HANNOVER. Anlässlich eines Gesprächs mit Vertretern der Jungen Arbeitsgemeinschaft bäuerlicher Landwirtschaft (JAbL) über die Zukunft der EU-Saatgutregulation erklärte Niedersachsens Landwirtschaftsminister Christian Meyer: „Die neue Saatgutrichtlinie der Europäischen Kommission muss für alle landwirtschaftlichen Betriebe Vorteile bieten - vor allem Klein- und Ökobetriebe dürfen hier nicht benachteiligt werden. Der Entwurf der EU muss deshalb deutlich nachgebessert werden."

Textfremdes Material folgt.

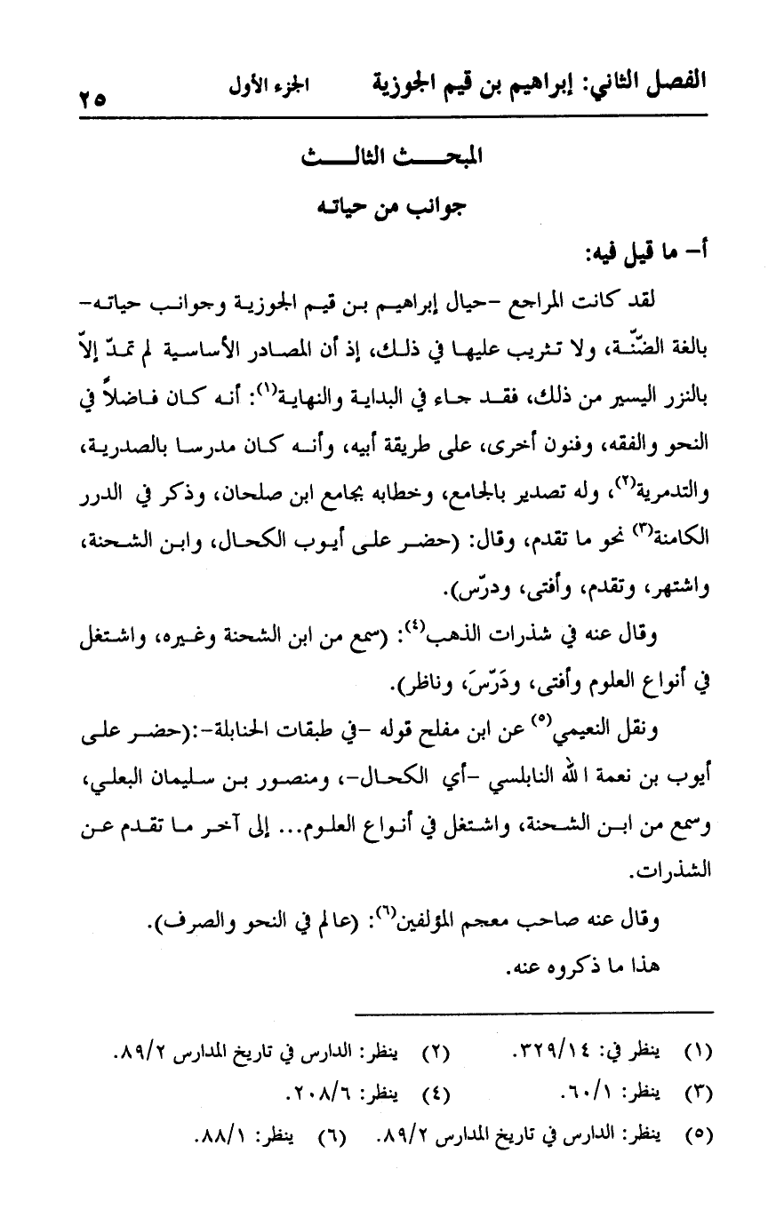لقد كانت المراجع حيال إبراهيم بن قيم الجوزية وجوانب حياته- بالغة الضنة، ولا تثريب عليها في ذلك، إذ أن المصادر الأساسية لم تمد إلا بالنزر اليسير من ذلك، فقد جاء في البداية والنهاية: أنه كان فاضلاً في النحو والفقه، وفنون أخرى، على طريقة أبيه، وأنه كان مدروسا بالصدرية، والتدمرية، وله تصدير بالجامع، وخطابه بجامع ابن صلحان، وذكر في الدرر الكامنة نحو ما تقدم، وقال: (حضر على أيوب الكحال، وابن الشحنة، واشتهر، وتقدمن وأفتى، ودرس).
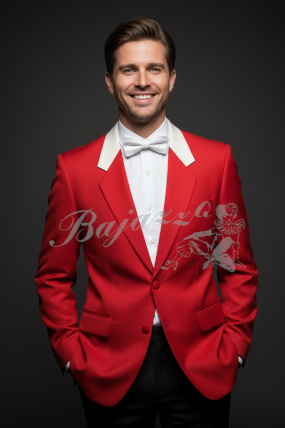 Herrenjacke rot. Revers rot. Kragen weiß. Mit zwei Klappentaschen. Gefüttert. Klassischer Wollgabardine
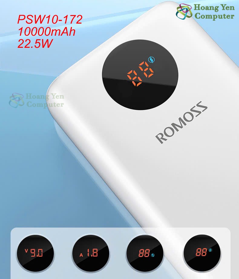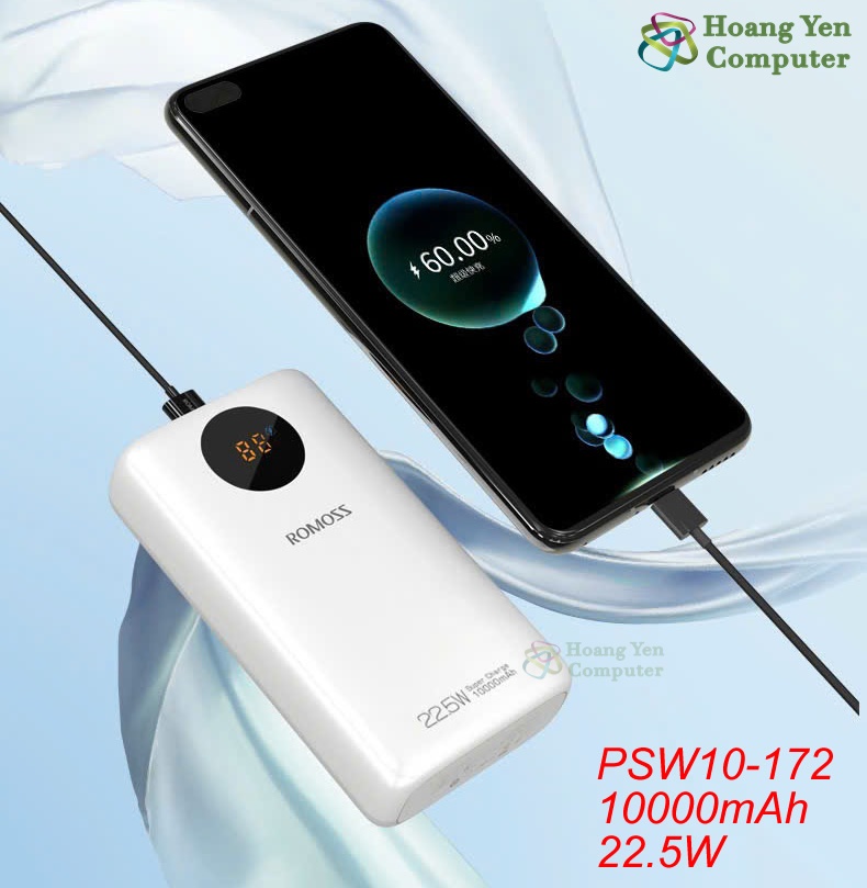 [ROMOSS PSW10-172] Pin Sạc Dự Phòng SW10PF 10000mAh 22.5W QC+PD - BH 12 Tháng - Hoàng Yến Computer
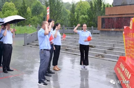 上午11点,风雨交加,全体党员顶风冒雨,整装列队,向湘鄂西苏区瞿家湾革命烈士纪念碑鞠躬默哀。新老党员齐举右手,面向党旗庄严宣誓:“我志愿加入中国共产党……”铮铮誓言彰显了永恒初心。
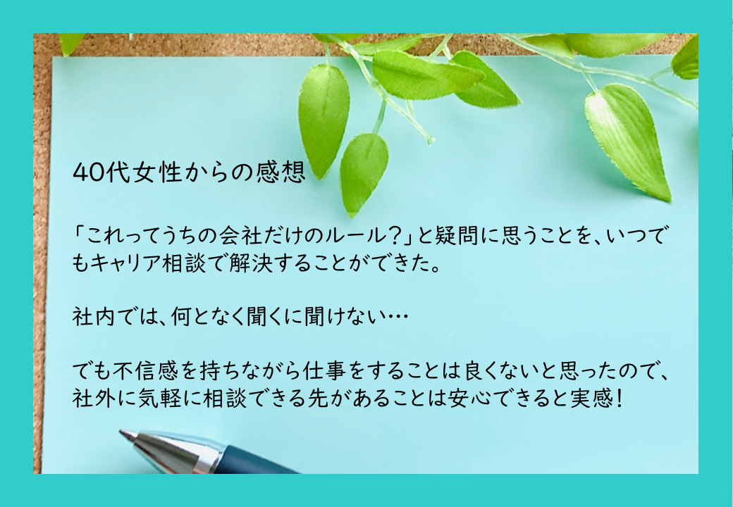 上記の意見は、実際にキャリアカウンセリングを受けられた方からのお言葉です。

Kleine Unternehmen, die zum Beispiel eine neue Apfelsorte gezüchtet haben, dürfen keine Nachteile durch teure und aufwändige Sortenschutz- und Zertifizierungsverfahren haben. Dies wäre für viele niedersächsische Betriebe ein erhebliches Problem. So sei zwar ein Bestandsschutz für alte Obst- und Gemüsesorten vorgesehen. Bei einer neuen Züchtung gebe es jedoch nach dem geplanten Verordnungsentwurf eine mit Kosten verbundene Anerkennung - ein Verfahren, das insbesondere viele kleinere Unternehmen vor Probleme stellt.

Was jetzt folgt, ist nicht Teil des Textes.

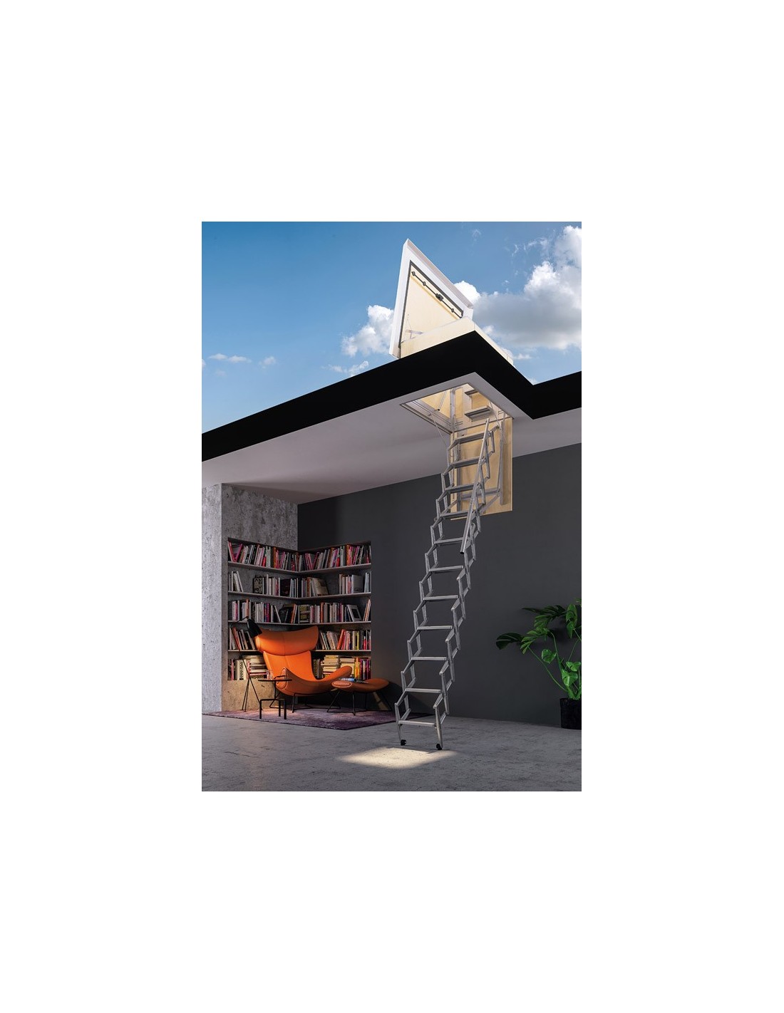 Escalera escamoteable de terraza tipo fuelle de acero zincado
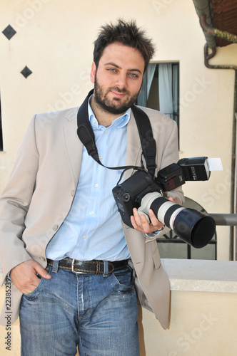 photographer, young, guy, man, model, reflex camera, to, work, blue, work, like, image, photo, equipment, photographic, at, jacket
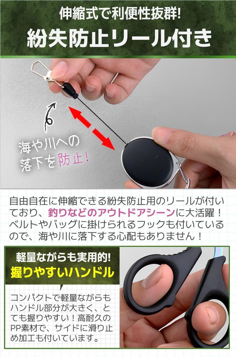 【紛失防止リール付き】自由自在に伸縮できる紛失防止用のリールが付いており、釣りなどのアウトドアシーンに大活躍!ベルトやバッグに掛けられるフックも付いているので、海や川に落下する心配もありません!

Minister Meyer: „Die Sortenvielfalt ist für uns von besonderer Bedeutung. Ich habe nichts gegen Sortenschutz und Zertifizierung im Sinne einer Transparenz für den Verbraucher, aber es muss gewährleistet sein, dass auch kleine Züchter mit geringer Kostenbelastung und geringem bürokratischem Aufwand neue Sorten auf den Markt bringen können. Hierfür habe ich mich im Bundesrat eingesetzt. Der Verbraucher soll am Ende viele Auswahlmöglichkeiten haben, qualitativ hochwertige Äpfel oder Kartoffeln in seinen Einkaufskorb zu legen."

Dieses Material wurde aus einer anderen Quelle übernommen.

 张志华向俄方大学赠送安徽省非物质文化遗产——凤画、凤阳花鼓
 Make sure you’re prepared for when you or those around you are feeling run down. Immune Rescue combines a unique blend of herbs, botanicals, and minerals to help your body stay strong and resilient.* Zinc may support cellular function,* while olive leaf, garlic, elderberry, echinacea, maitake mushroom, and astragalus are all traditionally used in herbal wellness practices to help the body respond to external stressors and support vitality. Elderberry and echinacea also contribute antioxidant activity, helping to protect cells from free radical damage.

Zu dem Gespräch hatte Niedersachsens Landwirtschaftsminister die JAbL-Vertreter eingeladen. Zuvor fand eine Auftaktkundgebung der Arbeitsgemeinschaft zum Thema „Saatgutvielfalt retten!" vor dem Landwirtschaftsministerium statt. Die Teilnehmer möchten in einer „Saatgut-Tour" nach Brüssel und Berlin für die Sicherung und Förderung der Pflanzenvielfalt und -züchtung werben. Hintergrund ist der Entwurf einer Saatgutverordnung der Europäischen Kommission, über den das Europäische Parlament im Frühjahr abstimmt.

Landwirtschaftsminister Meyer abschließend: „Wir teilen die Kritik vieler Bauernverbände an den ersten Entwürfen der geplanten Richtlinie. Die Vielfalt auf den Äckern muss erhalten bleiben!"